Delta Says Pilot Analysis of Co. Need Flawed

Delta Air Lines Inc. said Thursday its pilots are wrong in their contention that nearly $91 million in concessions they are offering is enough to help the struggling carrier return to profitability and compete with discount rivals.

The comments came a day after Delta's pilots union disclosed in a bankruptcy court filing what it is offering the company. The nation's third-largest carrier wants $325 million in concessions from its 6,000 pilots and is asking the court to reject the pilot contract to allow Delta to impose the cuts unilaterally.

A showdown in U.S. Bankruptcy Court in New York looms, with a hearing set for Nov. 16 to discuss the company's motion to reject the pilot contract. An unrelated court hearing dealing with rejection of aircraft leases was scheduled for Thursday.

In court papers filed Wednesday night, the Air Line Pilots Association said the $90.7 million average annual concessions over four years it has offered Delta is sufficient to help the Atlanta-based company meet its stated goal of reducing its pilot costs per available seat mile.

But company spokesman John Kennedy said Thursday that the union's analysis is flawed.

"Therefore, its conclusions are erroneous," Kennedy said.

Kennedy said Delta management is open to negotiating with the union, but he stressed that the targeted cuts the company is seeking are essential.

"Our financial situation is urgent and the $325 million need for concessions from the pilots is real," he said.
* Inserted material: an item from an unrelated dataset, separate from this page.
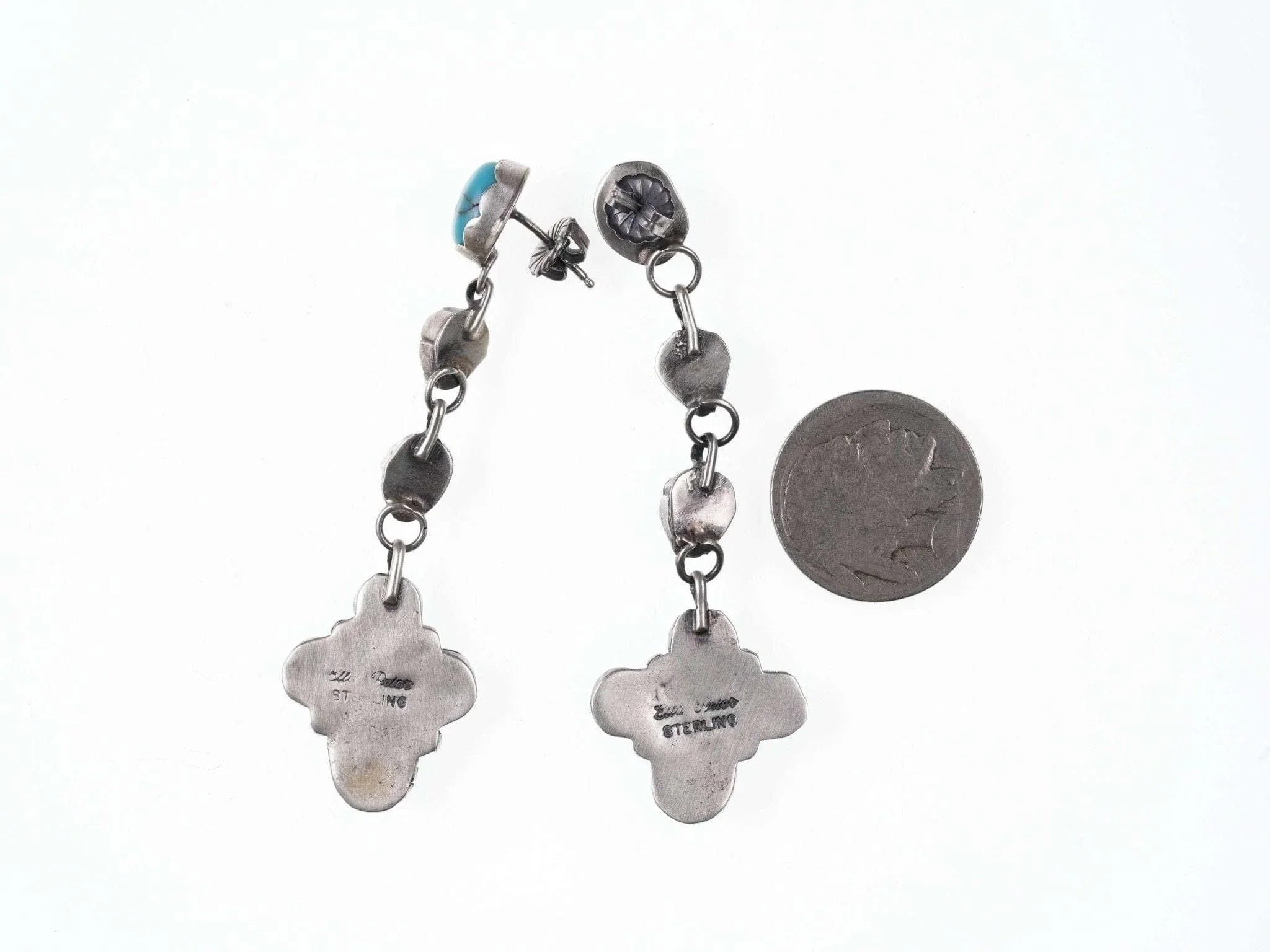 Ella Peter Navajo Sterling Egyptian Turquoise earrings. No damage or detectable<br>wear 2 5/8" long x .75" wide 11.9 grams total.<br><br>Ella Peter, Navajo silversmith was born April 2, 1943 in the Tsa-ya-toh area in<br>New Mexico on the Navajo reservation. At a very young age, she learned the art<br>of making jewelry and weaving baskets from her father. She has been making<br>jewelry for over 45 years and is a master silversmith. Ella currently resides in<br>Mentmore, New Mexico.

Kennedy added, "These numbers are solid. They've been agreed to by everyone, the court, all those people that have looked after them for months and months."
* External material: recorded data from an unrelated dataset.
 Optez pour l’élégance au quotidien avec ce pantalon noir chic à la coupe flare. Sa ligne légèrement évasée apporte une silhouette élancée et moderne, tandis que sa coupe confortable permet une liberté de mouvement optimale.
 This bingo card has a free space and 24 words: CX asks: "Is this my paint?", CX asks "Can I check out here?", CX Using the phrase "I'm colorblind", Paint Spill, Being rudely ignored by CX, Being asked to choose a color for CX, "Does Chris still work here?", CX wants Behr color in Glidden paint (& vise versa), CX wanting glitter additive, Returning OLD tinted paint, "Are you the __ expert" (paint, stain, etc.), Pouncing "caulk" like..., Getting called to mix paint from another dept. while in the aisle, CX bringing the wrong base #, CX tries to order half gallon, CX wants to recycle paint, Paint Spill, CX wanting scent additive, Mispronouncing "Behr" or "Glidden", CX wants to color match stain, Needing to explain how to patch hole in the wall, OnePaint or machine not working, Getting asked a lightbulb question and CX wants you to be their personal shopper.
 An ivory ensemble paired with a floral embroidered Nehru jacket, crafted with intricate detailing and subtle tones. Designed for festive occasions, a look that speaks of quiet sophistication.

The cuts would be on top of $1 billion in annual concessions the pilots agreed to in a five-year deal reached in 2004.

The union court filing said Delta's Sept. 14 bankruptcy was not because of its labor contract, or competition from discount carriers, but was caused by soaring fuel costs.

The union said that if Delta rejects the pilot contract, that would give pilots the right to strike, and the union warned a walkout would devastate Delta.

Kennedy declined to speculate on the possibility of a strike.

A union spokesman did not immediately return a call Thursday seeking a response to Delta's comments.

Delta has lost nearly $10 billion since January 2001. The company was scheduled to release its third-quarter results later Thursday.

Delta has said that although it expects a more than $2 billion loss this year before one-time items, it believes it will return to profitability two years from now if, among other things, it can get the pilot concessions it is seeking and jet fuel doesn't get more costly.